I want to create two new columns "date" and "time" with the split values.
This is what I tried but it's returning an error. For some reason my data was getting converted from str to float so I forced it to str.
def splitter(row):
row = str(row)
return row.split()
df['date'],df['time'] = df['last_created'].apply(splitter)
Error:
---------------------------------------------------------------------------
ValueError Traceback (most recent call last)

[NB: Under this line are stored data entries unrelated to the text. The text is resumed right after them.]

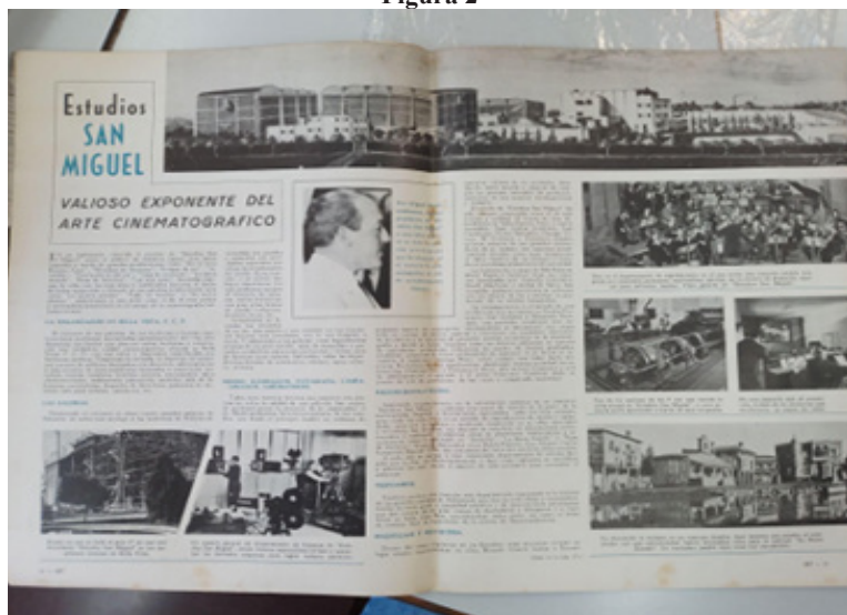
Figura 2. Nota sobre los Estudios San Miguel en Set. Revista cinematográfica argentina , diciembre de 1946. (Biblioteca Nacional Mariano Moreno- Hemeroteca)

La nota que recogemos aquí muestra, entonces, la relevancia de los ESM en su contexto, pero también la presencia fundamental del modelo de Hollywood expresada en la importación (para su adaptación y reformulación) tanto de sus tecnologías de producción y modos de hacer cine (económica y culturalmente) (Majumdar 2009) 9 , como de representar en la esfera pública (a través de los medios de comunicación gráficos y radiales) su propia dimensión industrial (Llorens, 2022). De esta manera, en el discurso y las fotografías de Set , ESM se observa en un lugar central con respecto al paradigma hegemónico de producción económica y cultural cinematográfica, y de estrategias de posicionamiento en la esfera pública. En el contexto argentino de las décadas de 1930 y 1940, en pleno auge de los estudios cinematográficos locales ( Lumiton -sobre todo en
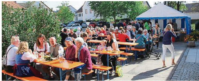
Gut besucht: das Apfel- und Erntefest.

Am 30. September fand bei schönem Herbstwetter unser Apfel- und Erntefest statt. Ob-
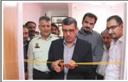
«افتتاح اداره و کلینک درمان سوسومر موادمخدر»
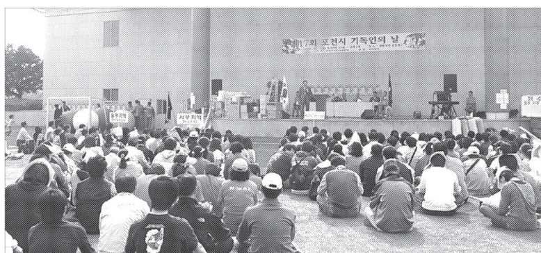
포천시기독교연합회는 10월3일 오전 9시30분부터 경북대학 운동장에서 800여명이 참석한 가운데 제17회 포천시 기독교인의 날 행사를 개최했다.

포천시기독교연합회(회장 박춘식 목사)는 10월3일 오전 9시30분부터 경북대학 운동장에서 800여명이 참석한 가운데 제17회 포천시 기독교인의 날 행사를 개최했다.
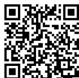
【防災マップに関する二次元コード】

大田区では、区立小学校、中学校等の9カ所を避難所として指定し、自治会・町会単位で割り当てています。
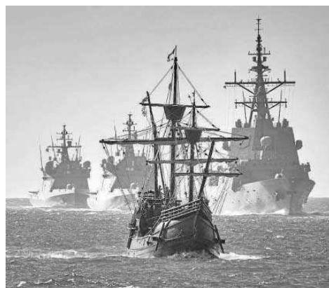
El galeón delante de varias fragatas de la Armada.

Aplausos y bocinas desde los barcos respondían entonces a los saludos del Rey, que casi tres horas antes había subido al buque escuela atracado en la Base Naval de Rota con honores de ordenanza y veintiún cañonazos. A bordo le acompañaron en la navegación el presidente de la Junta de Andalucía, Juanma Moreno; la presidenta del Congreso, Meritxell Batet; la ministra de Defensa, Margarita Robles, el almirante jefe del Estado Mayor de la Arma-
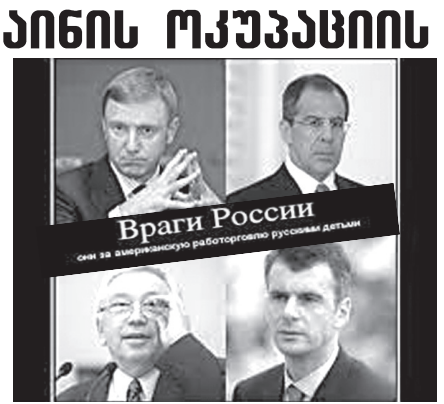
დარღვენი ფიქრობს, რომ უკრაინის დამოუკიდებლობა მისი დასავლეთი რეგიონის უნდა შემოიფარგლოს. რუსეთის მტრებს შორის მესამე ადგილი თურქეთს ერგო. ასე მიიჩნია რუსების 10%-ს. აქედან 70% მიიჩნევს, რომ რუსეთმა უნდა შეიერთოს თურქეთის ის ტერიტორიები, რომლებიც ადრე სომხეთს ეკუთვნოდა და ხელი შეუწყოს ქურთების ავტონომიის შექმნას, რომლის დაფუძველზეც მომავალში ქურთისტანის დამოუკიდებელი სახელმწიფო შეიქმნება.

რუსეთის მტრებს შორის მეორე ადგილი უკრაინას ერგო. ასე ფიქრობს რუსეთის მოქალაქეთა 20%. შეკითხვაზე, როგორ უნდა იყოს უკრაინისადმი რუსეთის პოლიტიკა, 71%-მა უპასუხა, რომ უნდა მოხდეს მთელი უკრაინის ოკუპაცია. 12% მიიჩნევს, რომ რუსეთმა უნდა შემოიერთოს როგორც უკრაინის სამხრეთ-აღმოსავლეთი რეგიონები (ე.წ. ნოვოროსია), აგრეთვე კიევიც. დასავლეთ უკრაინის პოლიტიკური შეერთებას მხარს უჭერს რუსების 78%.

<ipython-input-47-e5a9cf968714> in <module>()
7 return row.split()
8
----> 9 df['date'],df['time'] = df['last_created'].apply(splitter)
10 df
11 #splitter(df.iloc[1,1])
ValueError: too many values to unpack (expected 2)
Upvotes: 1
Views: 667
Reputation: 862661
You can first convert to_datetime
if dtype
is object
and then use dt.date
and dt.time
:
df = pd.DataFrame({'last_created':['2016-07-01 09:50:09', '2016-07-01 09:50:09']})
print (df)
last_created
0 2016-07-01 09:50:09
1 2016-07-01 09:50:09
print (df.dtypes)
last_created object
dtype: object
df['last_created'] = pd.to_datetime(df.last_created)
print (df.dtypes)
last_created datetime64[ns]
dtype: object
df['date'], df['time'] = df.last_created.dt.date, df.last_created.dt.time
print (df)
last_created date time
0 2016-07-01 09:50:09 2016-07-01 09:50:09
1 2016-07-01 09:50:09 2016-07-01 09:50:09
Upvotes: 1
Reputation: 1727
The following should work for you. However, storing the date and time as timestamp is much convenient for manipulation.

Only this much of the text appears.